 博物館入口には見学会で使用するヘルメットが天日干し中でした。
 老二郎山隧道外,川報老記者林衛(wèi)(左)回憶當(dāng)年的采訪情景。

======

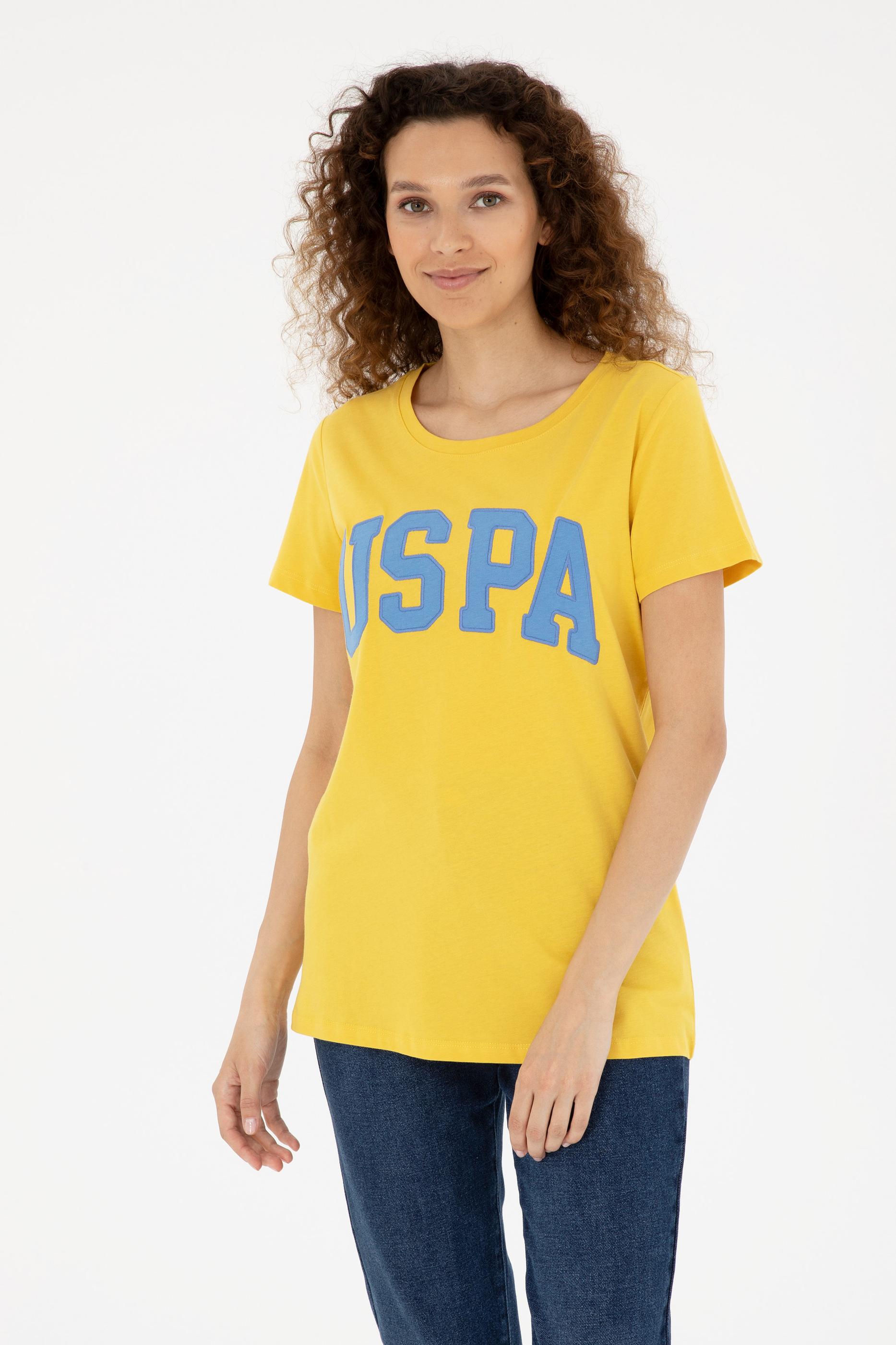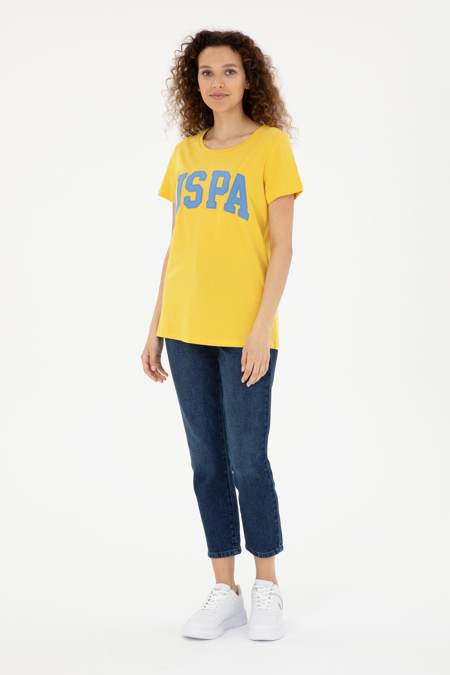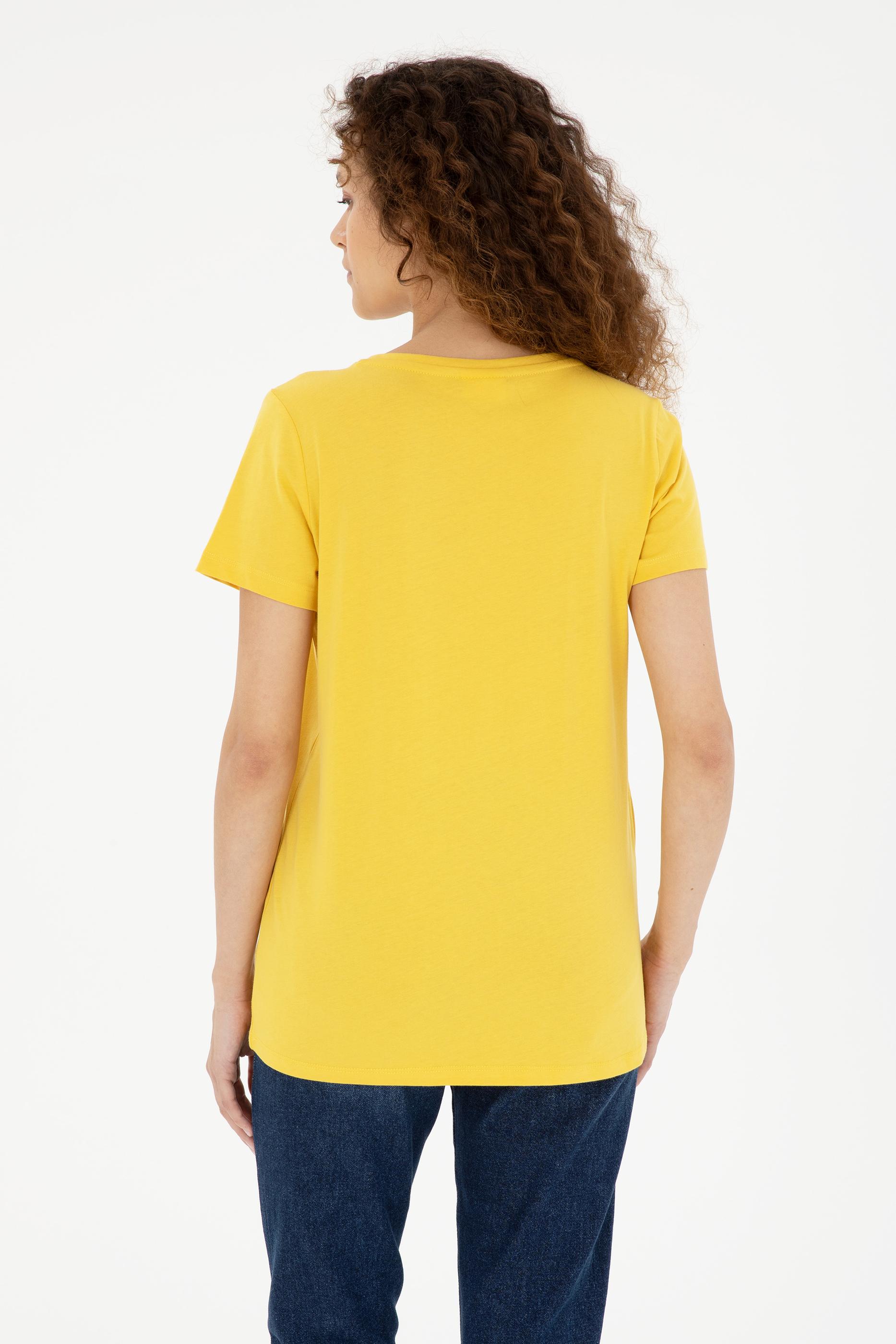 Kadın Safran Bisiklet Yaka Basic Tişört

======

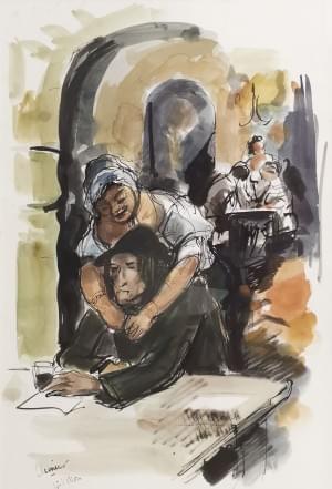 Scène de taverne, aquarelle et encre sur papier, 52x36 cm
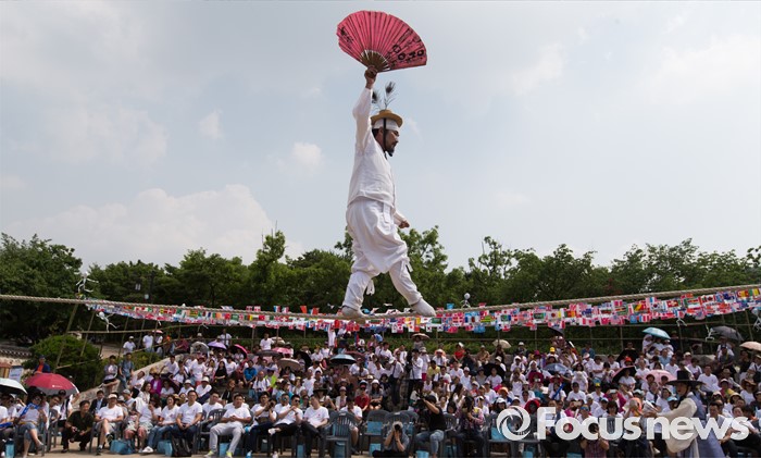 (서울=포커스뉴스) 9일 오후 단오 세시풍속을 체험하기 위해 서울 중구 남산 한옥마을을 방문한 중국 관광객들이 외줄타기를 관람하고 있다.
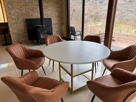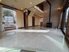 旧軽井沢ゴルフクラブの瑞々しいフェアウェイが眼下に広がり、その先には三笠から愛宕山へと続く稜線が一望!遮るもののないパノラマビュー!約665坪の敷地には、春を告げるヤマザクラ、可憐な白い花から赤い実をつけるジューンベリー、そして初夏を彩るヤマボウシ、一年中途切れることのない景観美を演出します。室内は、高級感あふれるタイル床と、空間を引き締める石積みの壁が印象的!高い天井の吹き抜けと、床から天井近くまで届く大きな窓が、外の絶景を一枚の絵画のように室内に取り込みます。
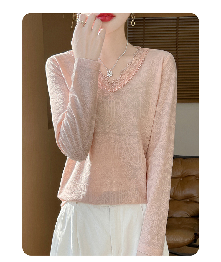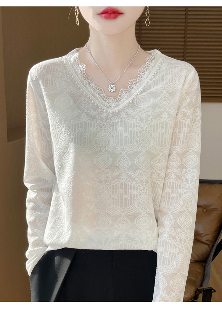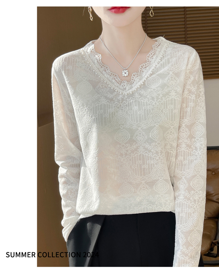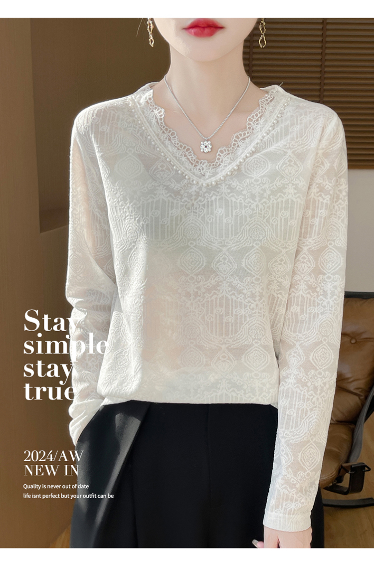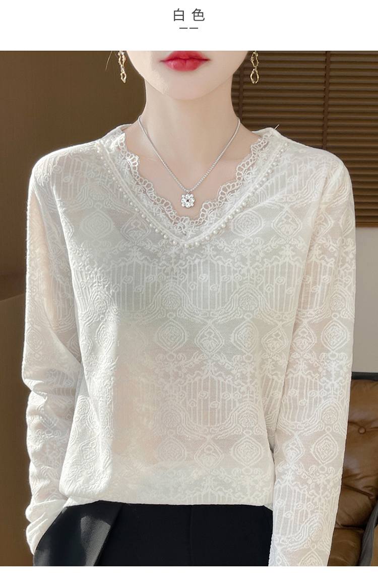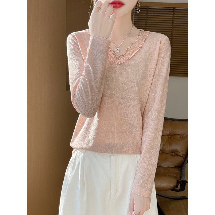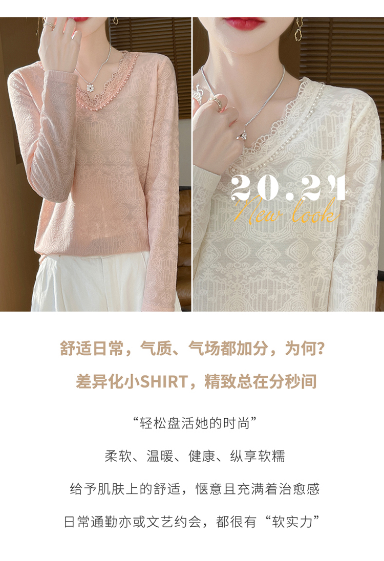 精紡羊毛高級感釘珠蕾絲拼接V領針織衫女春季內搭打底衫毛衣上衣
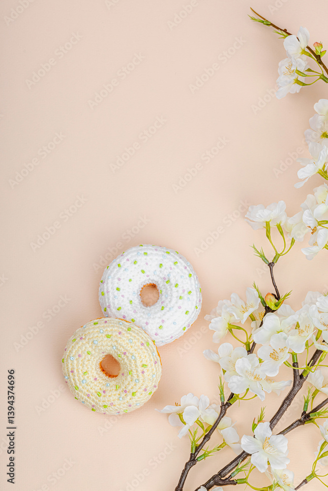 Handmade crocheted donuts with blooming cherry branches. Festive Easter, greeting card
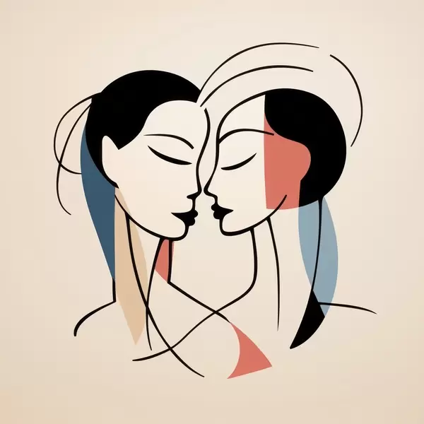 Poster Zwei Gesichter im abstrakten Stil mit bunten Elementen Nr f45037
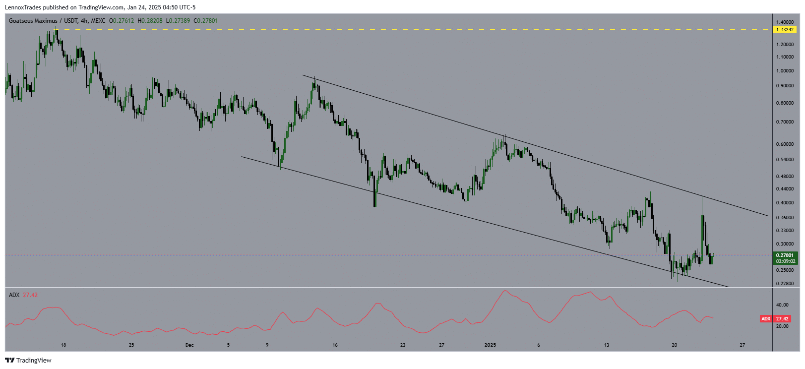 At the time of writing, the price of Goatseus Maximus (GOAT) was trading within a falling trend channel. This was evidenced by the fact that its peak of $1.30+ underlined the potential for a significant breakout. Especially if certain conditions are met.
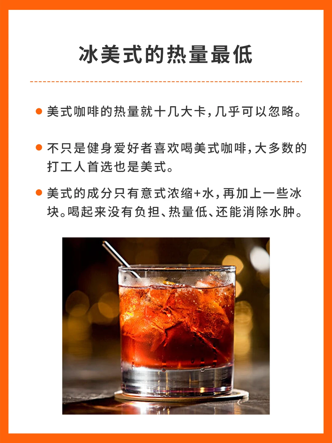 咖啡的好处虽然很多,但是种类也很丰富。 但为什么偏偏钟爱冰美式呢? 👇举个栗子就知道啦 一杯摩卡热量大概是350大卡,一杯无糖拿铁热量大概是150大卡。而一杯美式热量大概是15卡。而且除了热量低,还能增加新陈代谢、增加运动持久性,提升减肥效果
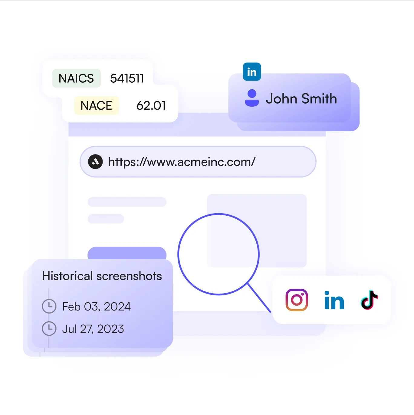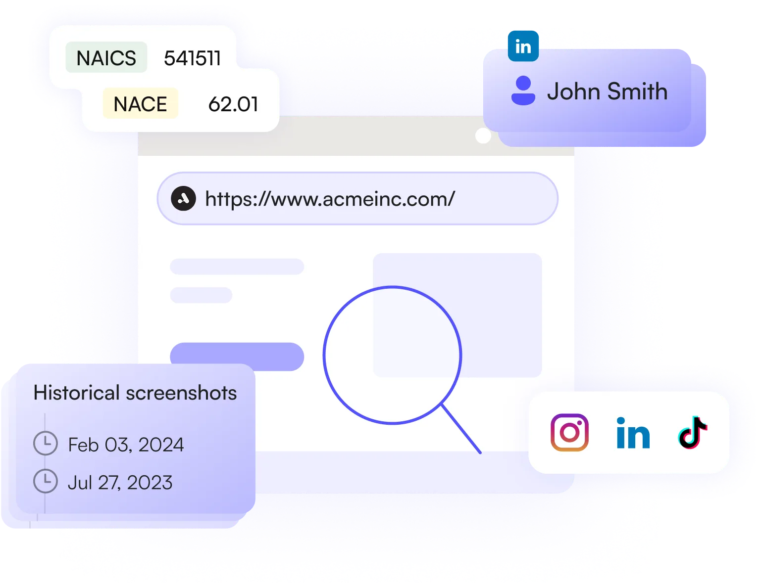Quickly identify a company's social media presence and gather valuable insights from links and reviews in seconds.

======

**WHAT YOU NEED TO DO:**
Your answer is the exact run of lines above from the one with "Scène de taverne, aquarelle" through the one with "Quickly identify a", both ends included, minus any picture.

**RESPONSE TO THIS TASK:**
 Scène de taverne, aquarelle et encre sur papier, 52x36 cm
 (서울=포커스뉴스) 9일 오후 단오 세시풍속을 체험하기 위해 서울 중구 남산 한옥마을을 방문한 중국 관광객들이 외줄타기를 관람하고 있다.
 旧軽井沢ゴルフクラブの瑞々しいフェアウェイが眼下に広がり、その先には三笠から愛宕山へと続く稜線が一望!遮るもののないパノラマビュー!約665坪の敷地には、春を告げるヤマザクラ、可憐な白い花から赤い実をつけるジューンベリー、そして初夏を彩るヤマボウシ、一年中途切れることのない景観美を演出します。室内は、高級感あふれるタイル床と、空間を引き締める石積みの壁が印象的!高い天井の吹き抜けと、床から天井近くまで届く大きな窓が、外の絶景を一枚の絵画のように室内に取り込みます。
 精紡羊毛高級感釘珠蕾絲拼接V領針織衫女春季內搭打底衫毛衣上衣
 Handmade crocheted donuts with blooming cherry branches. Festive Easter, greeting card
 Poster Zwei Gesichter im abstrakten Stil mit bunten Elementen Nr f45037
 At the time of writing, the price of Goatseus Maximus (GOAT) was trading within a falling trend channel. This was evidenced by the fact that its peak of $1.30+ underlined the potential for a significant breakout. Especially if certain conditions are met.
 咖啡的好处虽然很多,但是种类也很丰富。 但为什么偏偏钟爱冰美式呢? 👇举个栗子就知道啦 一杯摩卡热量大概是350大卡,一杯无糖拿铁热量大概是150大卡。而一杯美式热量大概是15卡。而且除了热量低,还能增加新陈代谢、增加运动持久性,提升减肥效果
Quickly identify a company's social media presence and gather valuable insights from links and reviews in seconds.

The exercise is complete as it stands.